Material provided |
▼

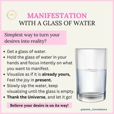 As you hold this glass of water, remember that it symbolizes the clarity and purity of your intentions. *Step 1: SET YOUR INTENTION*
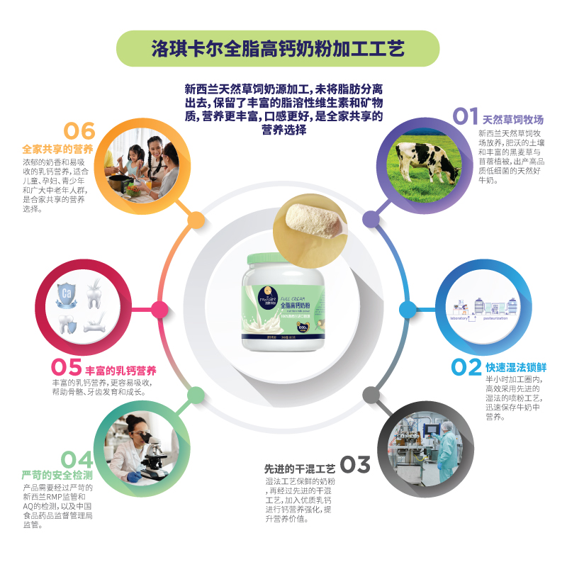 - 品牌特色:Rowi care洛琪卡爾全脂高鈣奶粉采用新西蘭天然草飼奶源,濃郁的奶香和易吸收的乳鈣營養,采用極簡的配方,95%新西蘭純草飼奶粉和5%乳鈣,鈣含量達到1000毫克每100克,比國標高鈣標準高出3倍多。適合兒童、孕 婦、青少年和廣大中 老年人群,是合家共享的蛋白質和鈣優質營養選擇。無激素、無蔗糖、無香精、無煉乳、無色素、無農殘、無化學添加劑,產品經過嚴苛 的新西蘭RMP監管和AQ的檢測,以及中國海關檢驗檢疫局、中國食品藥品監督管理局多重嚴格檢測和監管。品牌源自新西蘭毛利文化,專注新西蘭乳品,擁有完善的新西蘭奶源全鏈條供應鏈,全程可控,適合全家一起享用的營養全家桶。
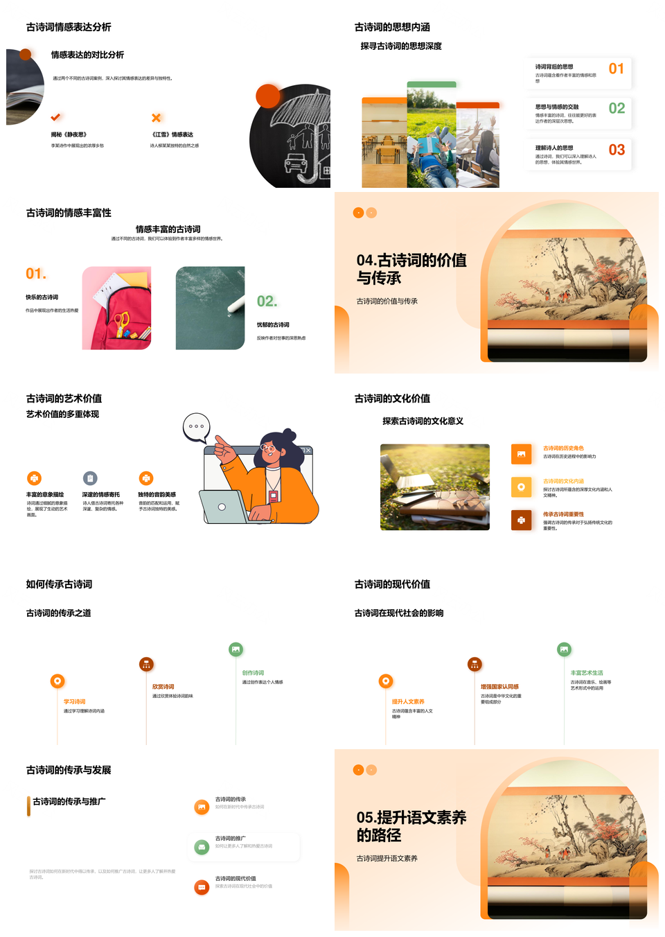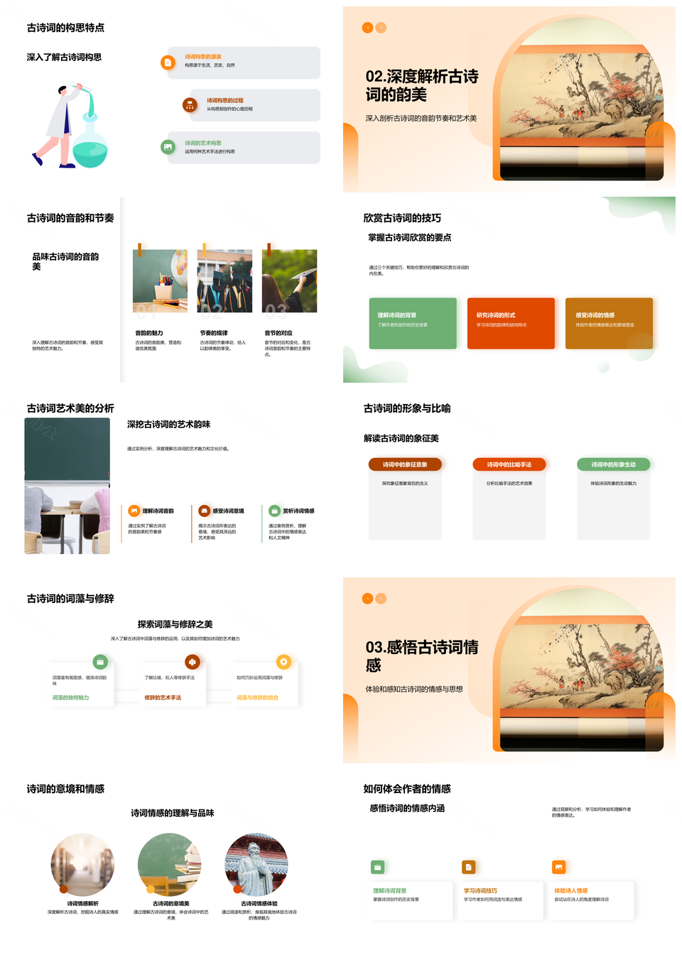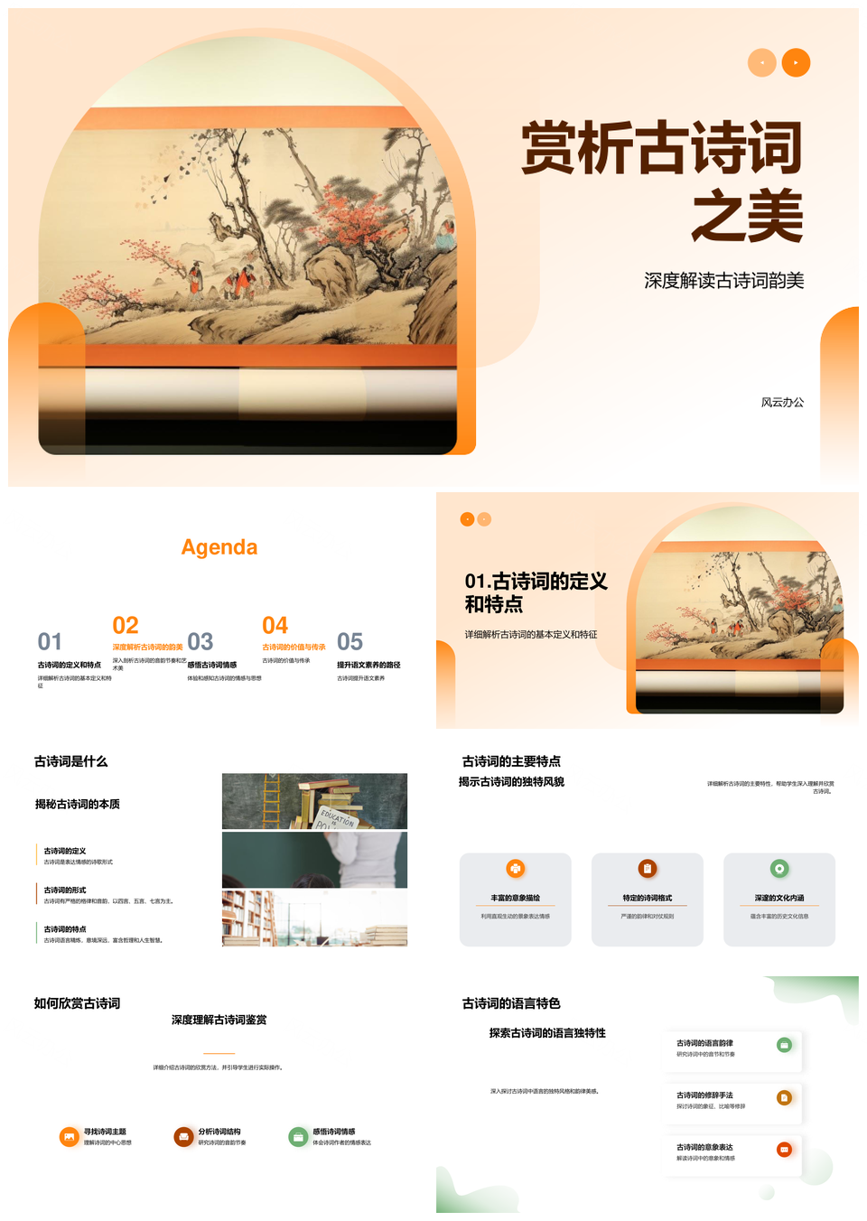 风云办公提供的古诗词音韵艺美情感文化卷轴赏析PPT模板,下载格式为pptx,一共33页,作品中文字及图均可以修改和编辑,图片更改请在作品中右键图片并更换,文字修改请直接点击文字进行修改。

▲

Problem to solve |
Without the pictures, give every line of the data again, exactly as written.

Reply to the exercise |
 As you hold this glass of water, remember that it symbolizes the clarity and purity of your intentions. *Step 1: SET YOUR INTENTION*
 - 品牌特色:Rowi care洛琪卡爾全脂高鈣奶粉采用新西蘭天然草飼奶源,濃郁的奶香和易吸收的乳鈣營養,采用極簡的配方,95%新西蘭純草飼奶粉和5%乳鈣,鈣含量達到1000毫克每100克,比國標高鈣標準高出3倍多。適合兒童、孕 婦、青少年和廣大中 老年人群,是合家共享的蛋白質和鈣優質營養選擇。無激素、無蔗糖、無香精、無煉乳、無色素、無農殘、無化學添加劑,產品經過嚴苛 的新西蘭RMP監管和AQ的檢測,以及中國海關檢驗檢疫局、中國食品藥品監督管理局多重嚴格檢測和監管。品牌源自新西蘭毛利文化,專注新西蘭乳品,擁有完善的新西蘭奶源全鏈條供應鏈,全程可控,適合全家一起享用的營養全家桶。
 风云办公提供的古诗词音韵艺美情感文化卷轴赏析PPT模板,下载格式为pptx,一共33页,作品中文字及图均可以修改和编辑,图片更改请在作品中右键图片并更换,文字修改请直接点击文字进行修改。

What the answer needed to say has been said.